[[ Extracted information, beginning ]]

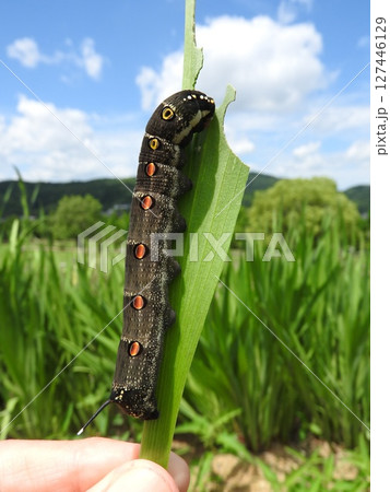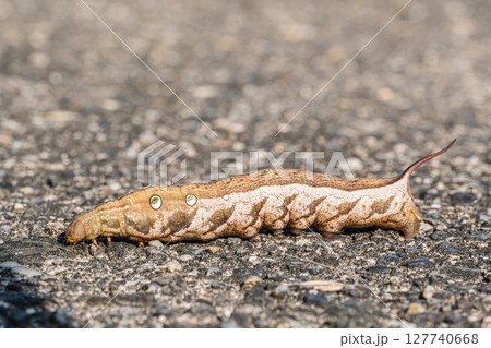 生き物 昆虫 ブドウスズメ、幼虫です。大きさは八センチ前後、すべすべでひんやりした触り心地
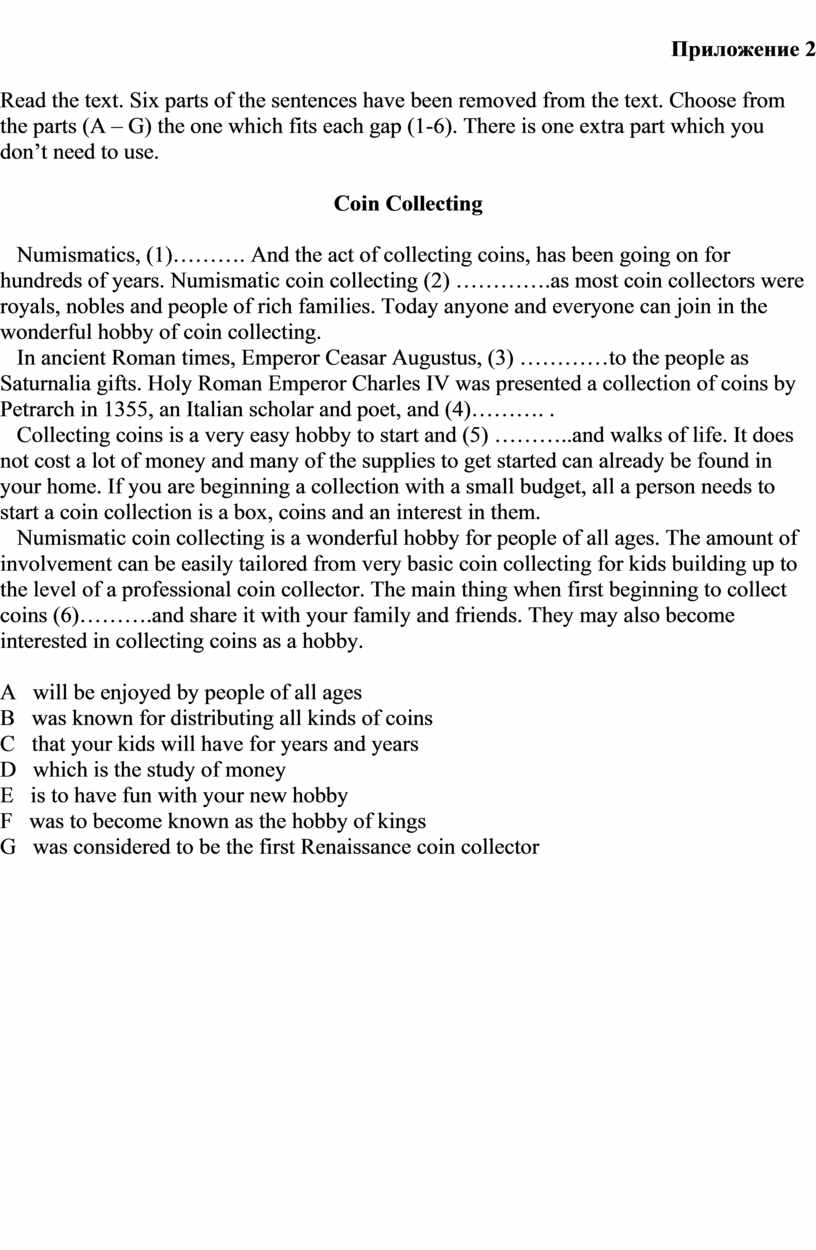 T.: Dear students! Your home task is to read and translate the text “Coin collecting” and to fill in the gaps of the text/
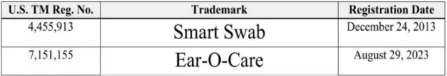 涉案商标Smart Swab、Ear-O-Care,商标号分别为4455913、7151155:
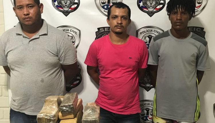 Enfatizando as ações contra o tráfico de entorpecentes na capital, a Polícia Civil do Maranhão prendeu nesta quinta-feira (23), por volta das 06hs, em Paço do Lumiar, a prisão de 04 acusados. Eles identificados por Tamilio Rodrigues Ferreira, 28 anos; Luciano Vitor Monteiro, 20 anos e Antônio Fernando Ribeiro Monteiro, conhecido pelo apelido de “Bofe”, foram presos pela SEIC, com 20kg de maconha prensada, uma arma de fogo e um veículo.
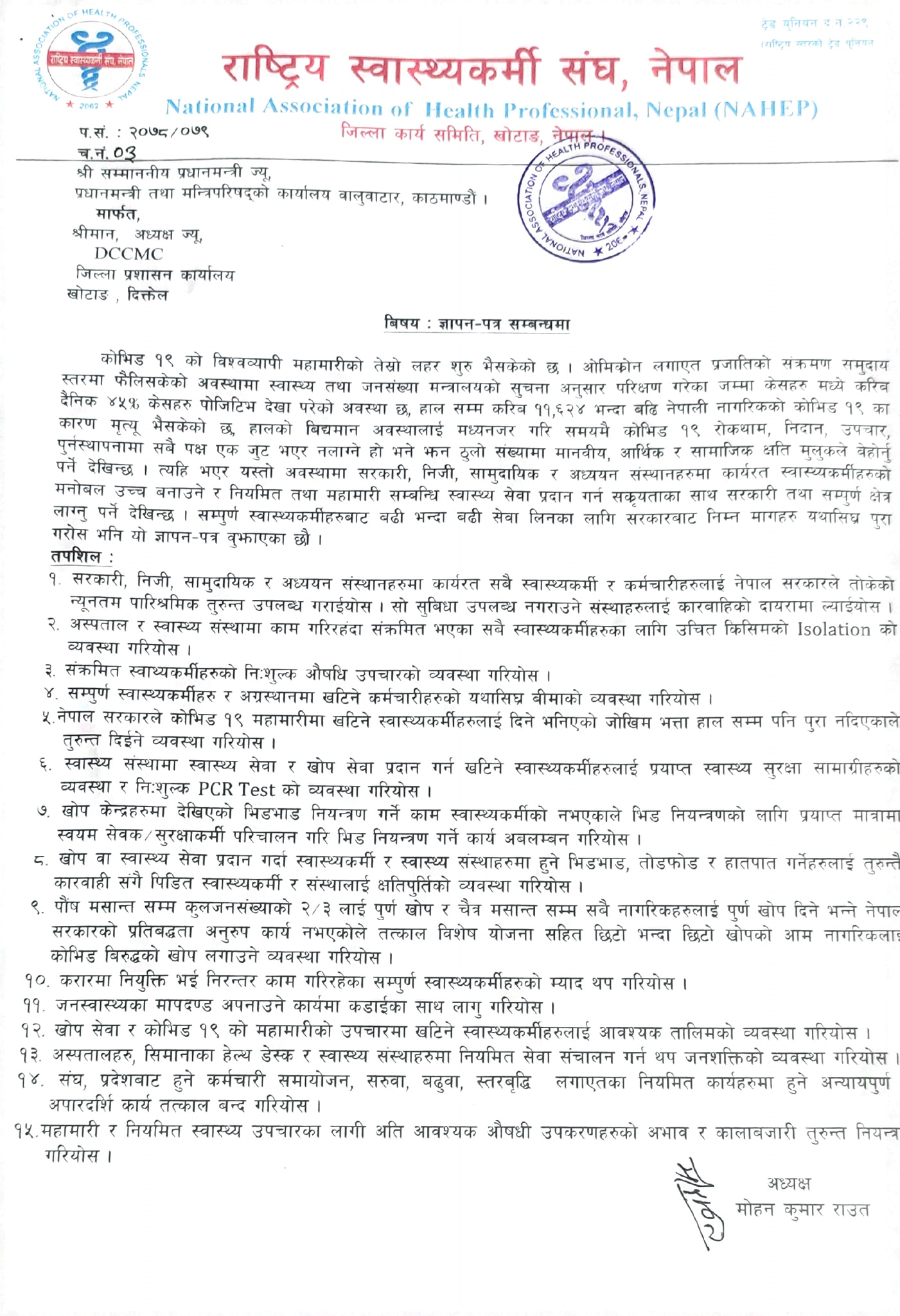 यस्तो छ स्वास्थ्यकर्मी संघले सरकारलाई बुझाएको ज्ञापनपत्र-
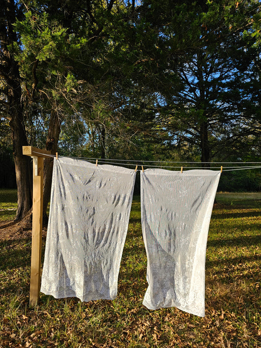 Vintage curtains, white lace set of 2 floral rod pocket 63" cottagecore Victorian country farmhouse shabby granny chic
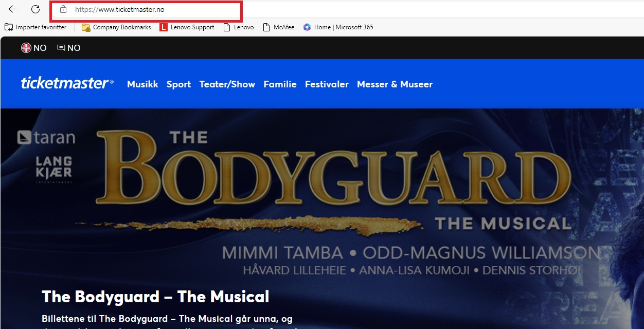 Angir nettadressen «ticketmaster.no» i adressefeltet:
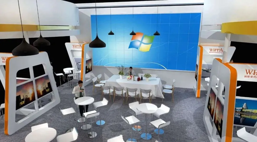 WIFFA展位还开设公共接待区、公共洽谈区和公共签约区,展位正中央有6x4米巨幅LED大屏幕,用于播放WIFFA参展公司多媒体和现场直播、现场签约和现场论坛。
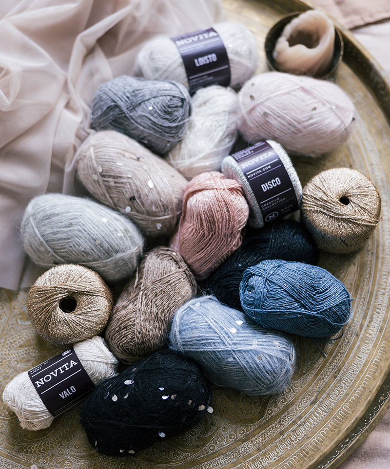 Pikkujouluaikaan sopivat kimallelangat tuovat neuleisiin hienostunutta säihkettä. Novitan upeita kimallelankoja voit käyttää sellaisenaan tai neuloa niitä yhdessä muiden lankojen kanssa.
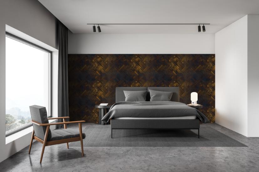 3This pattern arranges wood-like rectangles at a diagonal, creating a bold zigzag flow that feels both directional and grounded. The variation in tone adds character, giving the pattern for fabric a tactile presence. As fabric for walls, it brings warmth and a handcrafted sensibility to any environment.
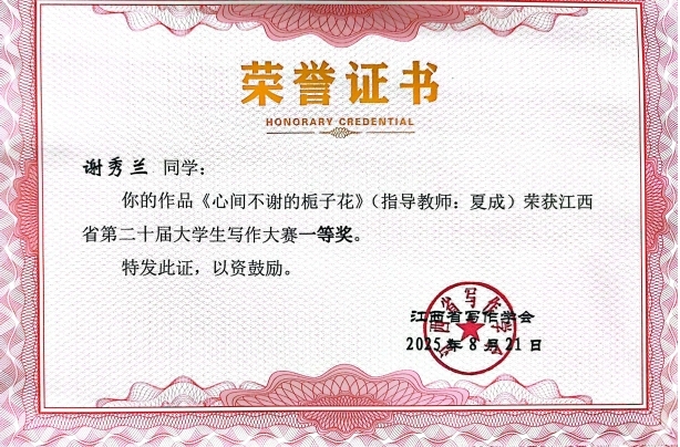 此次大赛由江西省写作学会主办,是全省具有广泛影响力的老员工文学盛事。公司学子围绕“青春与梦想:书写新时代的奋斗篇章”主题,创作了包括散文、小说、诗歌、社会评论等体裁的优秀作品。这些作品或聚焦个人成长,展现青年责任担当;或关注科技创新,记录新时代奋斗精神;或弘扬传统文化,彰显文化自信,传递了积极向上的青春能量。
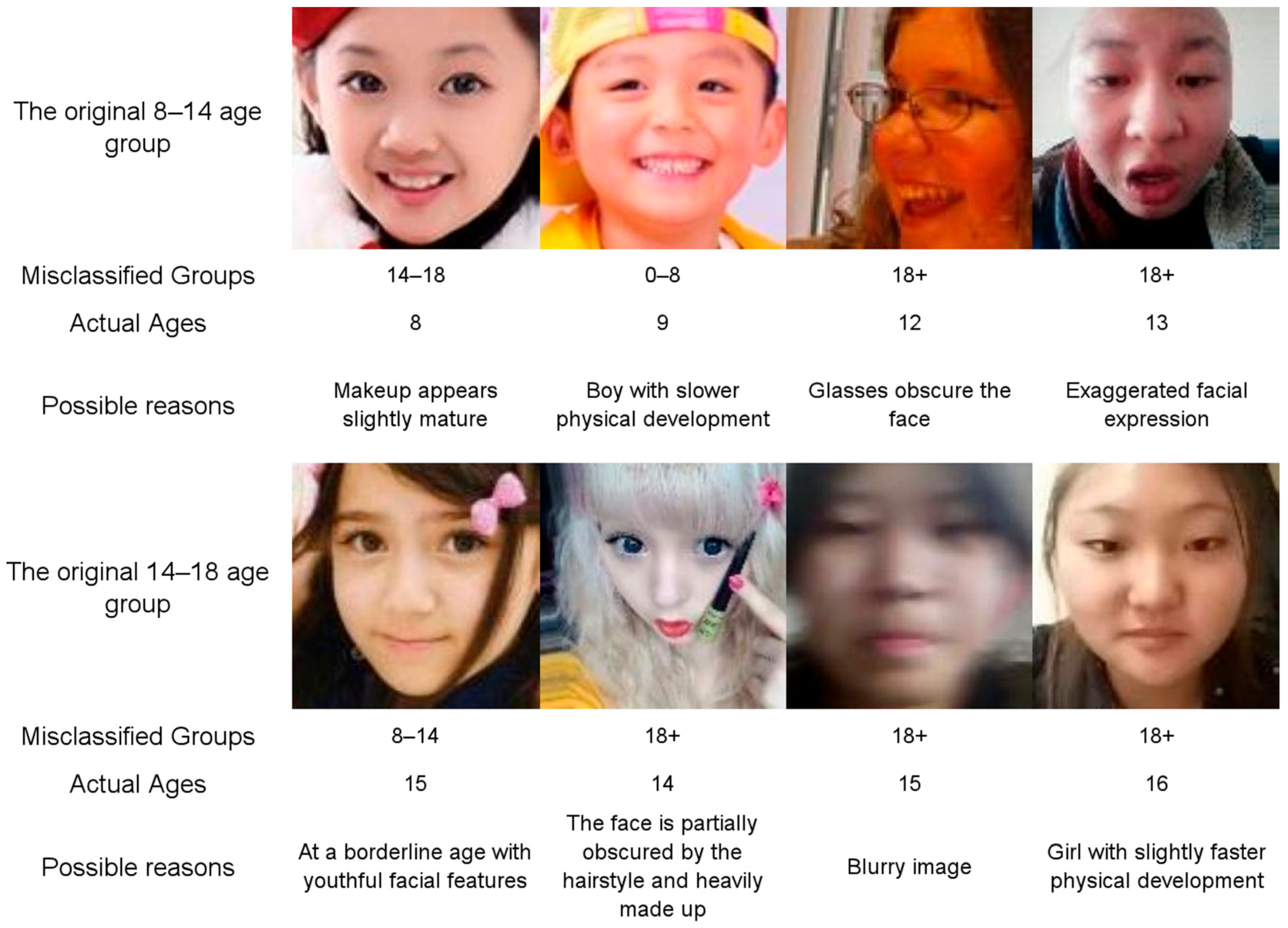 To mitigate online risks faced by juveniles, jurisdictions around the world have introduced specialised regulatory frameworks that establish age verification and content governance as fundamental requirements. In accordance with the European Union’s General Data Protection Regulation (GDPR), internet companies must obtain parental or legal guardian consent before processing the personal data of children under the age of 16 [2]. In the United States, the Children’s Online Privacy Protection Rule (COPPA), a regulation established to protect the online privacy of children under 13, requires enterprises to obtain parental consent before collecting children’s personal information. Enforcement is conducted by the Federal Trade Commission (FTC) [3]. China’s Minor Protection Law and Regulations on the Protection of Minors in Cyberspace cover all minors under the age of 18. It requires key platforms to implement a ‘Minor Mode’ and conduct annual protection impact assessments. Serious breaches are jointly enforced by the Cyberspace Administration of China and the Ministry of Public Security, which can result in the revocation of licences [4,5]. However, conventional age verification systems based on identity documents have inherent limitations, including identity misuse, technical circumvention and cross-border enforcement disparities, which undermine their effectiveness in global juvenile protection frameworks. To address these limitations, the integration of reliable biometric technologies, such as facial age estimation, is necessary to strengthen regulatory mechanisms and establish a more robust technical safeguard for online juvenile protection.

[[ Extracted information, end ]]

Your task — For this task, return exactly the stretch of the listing above from the line with "涉案商标Smart Swab" through the line with "WIFFA展位还开设公共接待", inclusive and without pictures.

Exercise response —
 涉案商标Smart Swab、Ear-O-Care,商标号分别为4455913、7151155:
 Enfatizando as ações contra o tráfico de entorpecentes na capital, a Polícia Civil do Maranhão prendeu nesta quinta-feira (23), por volta das 06hs, em Paço do Lumiar, a prisão de 04 acusados. Eles identificados por Tamilio Rodrigues Ferreira, 28 anos; Luciano Vitor Monteiro, 20 anos e Antônio Fernando Ribeiro Monteiro, conhecido pelo apelido de “Bofe”, foram presos pela SEIC, com 20kg de maconha prensada, uma arma de fogo e um veículo.
 यस्तो छ स्वास्थ्यकर्मी संघले सरकारलाई बुझाएको ज्ञापनपत्र-
 Vintage curtains, white lace set of 2 floral rod pocket 63" cottagecore Victorian country farmhouse shabby granny chic
 Angir nettadressen «ticketmaster.no» i adressefeltet:
 WIFFA展位还开设公共接待区、公共洽谈区和公共签约区,展位正中央有6x4米巨幅LED大屏幕,用于播放WIFFA参展公司多媒体和现场直播、现场签约和现场论坛。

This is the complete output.